*What you will do*. Word for word, retype the lines from the one containing "It takes a tiny" to the one containing "Ce haut de maillot" below, keeping both end lines and dropping the pictures.

*Data records*.
**********
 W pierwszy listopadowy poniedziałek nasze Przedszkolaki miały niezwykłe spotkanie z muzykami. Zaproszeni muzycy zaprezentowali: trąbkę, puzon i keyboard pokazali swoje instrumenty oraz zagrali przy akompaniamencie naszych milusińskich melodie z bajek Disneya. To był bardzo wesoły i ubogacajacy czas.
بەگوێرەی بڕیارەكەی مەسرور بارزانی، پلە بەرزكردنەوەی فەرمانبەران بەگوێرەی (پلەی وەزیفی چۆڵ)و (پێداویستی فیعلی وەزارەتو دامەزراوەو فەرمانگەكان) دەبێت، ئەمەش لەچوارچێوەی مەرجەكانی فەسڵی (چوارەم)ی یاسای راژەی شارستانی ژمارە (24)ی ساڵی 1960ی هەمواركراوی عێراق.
**********
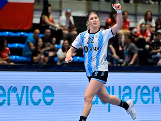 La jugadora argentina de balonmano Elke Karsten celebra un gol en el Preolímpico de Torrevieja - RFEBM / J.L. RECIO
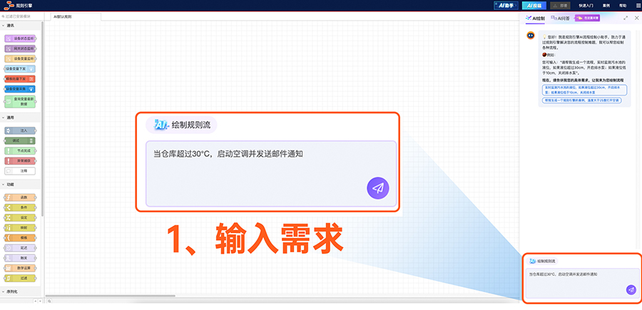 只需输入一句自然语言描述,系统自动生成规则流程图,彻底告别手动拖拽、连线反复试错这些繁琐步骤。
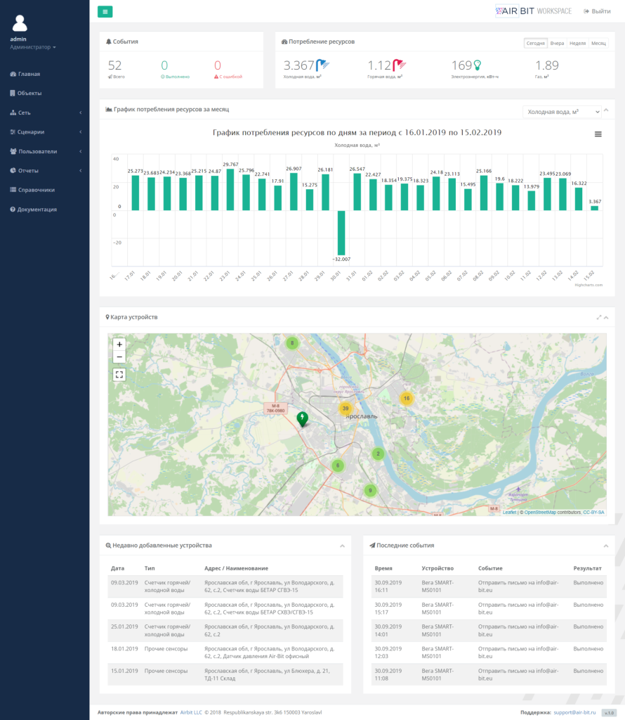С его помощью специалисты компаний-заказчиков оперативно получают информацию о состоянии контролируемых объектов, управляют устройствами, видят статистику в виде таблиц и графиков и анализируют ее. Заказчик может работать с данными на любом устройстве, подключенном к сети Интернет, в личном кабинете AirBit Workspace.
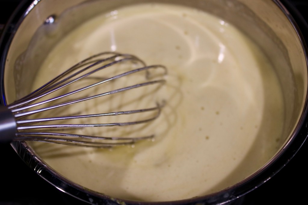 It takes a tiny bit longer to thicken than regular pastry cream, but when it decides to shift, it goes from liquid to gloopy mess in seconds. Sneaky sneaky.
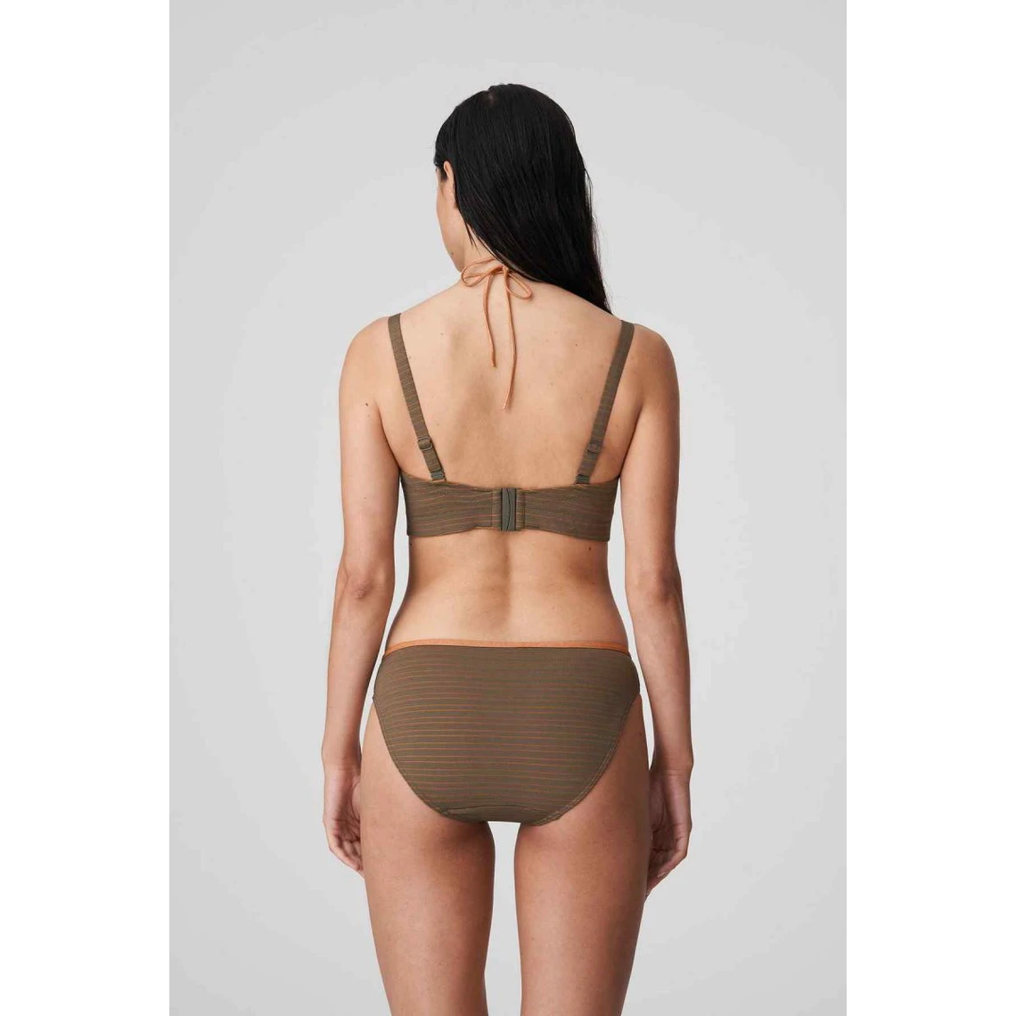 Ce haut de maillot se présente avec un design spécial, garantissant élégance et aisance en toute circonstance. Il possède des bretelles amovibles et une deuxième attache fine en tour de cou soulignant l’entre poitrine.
**********
*Solution to this problem*.
 It takes a tiny bit longer to thicken than regular pastry cream, but when it decides to shift, it goes from liquid to gloopy mess in seconds. Sneaky sneaky.
 Ce haut de maillot se présente avec un design spécial, garantissant élégance et aisance en toute circonstance. Il possède des bretelles amovibles et une deuxième attache fine en tour de cou soulignant l’entre poitrine.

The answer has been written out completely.